**The problem:** Go through the listing below and repeat it exactly, omitting each picture.

**The data:**
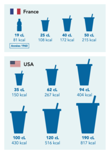 La portion de soda est passée de 19 cL (moins d’1/4 de litre et 81 Kcal) dans les années 1960 à des portions pouvant aller jusqu’à 50 cL (1/2 litre et 215 Kcal) en France, voire 190 cL (817 Kcal) soit presque 2 litres aux États-Unis !Or nous avons tendance, la plupart du temps, de choisir une portion moyenne. En France, elle va être de 40 cL et apporte 172 Kcal. Mais aux US, elle va être plus proche du litre alors qu’il a 50 ans, la portion était de moins d’1/4 de litre.
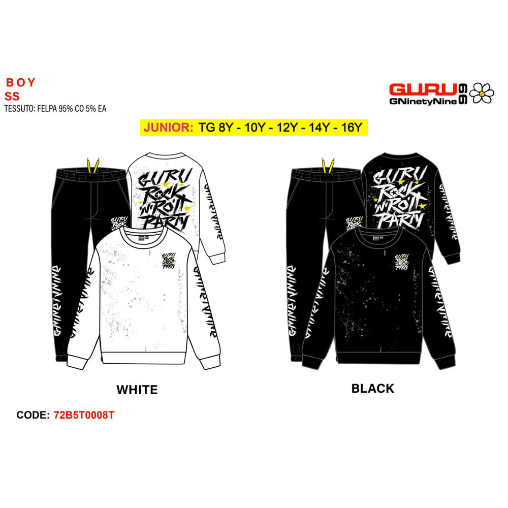 Tuta primavera ragazzo composta da felpina a paricollo, pantalone in cotone Guru Tg. 8/16 Assortimento per Tg. e colore min. 5 pz. Tg. 8-10-12-14-16
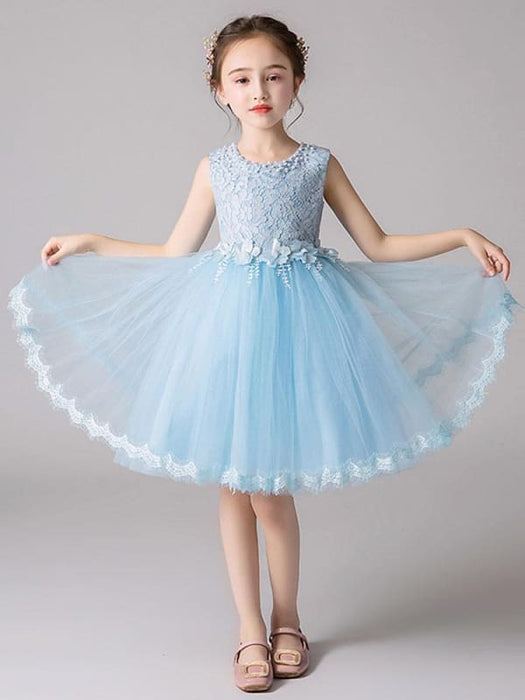 White Lace Tulle Sleeveless Short Formal Flower Girl Dresses Jewel Neck Princess Silhouettes Pageant Dresses

**Written response:**
 La portion de soda est passée de 19 cL (moins d’1/4 de litre et 81 Kcal) dans les années 1960 à des portions pouvant aller jusqu’à 50 cL (1/2 litre et 215 Kcal) en France, voire 190 cL (817 Kcal) soit presque 2 litres aux États-Unis !Or nous avons tendance, la plupart du temps, de choisir une portion moyenne. En France, elle va être de 40 cL et apporte 172 Kcal. Mais aux US, elle va être plus proche du litre alors qu’il a 50 ans, la portion était de moins d’1/4 de litre.
 Tuta primavera ragazzo composta da felpina a paricollo, pantalone in cotone Guru Tg. 8/16 Assortimento per Tg. e colore min. 5 pz. Tg. 8-10-12-14-16
 White Lace Tulle Sleeveless Short Formal Flower Girl Dresses Jewel Neck Princess Silhouettes Pageant Dresses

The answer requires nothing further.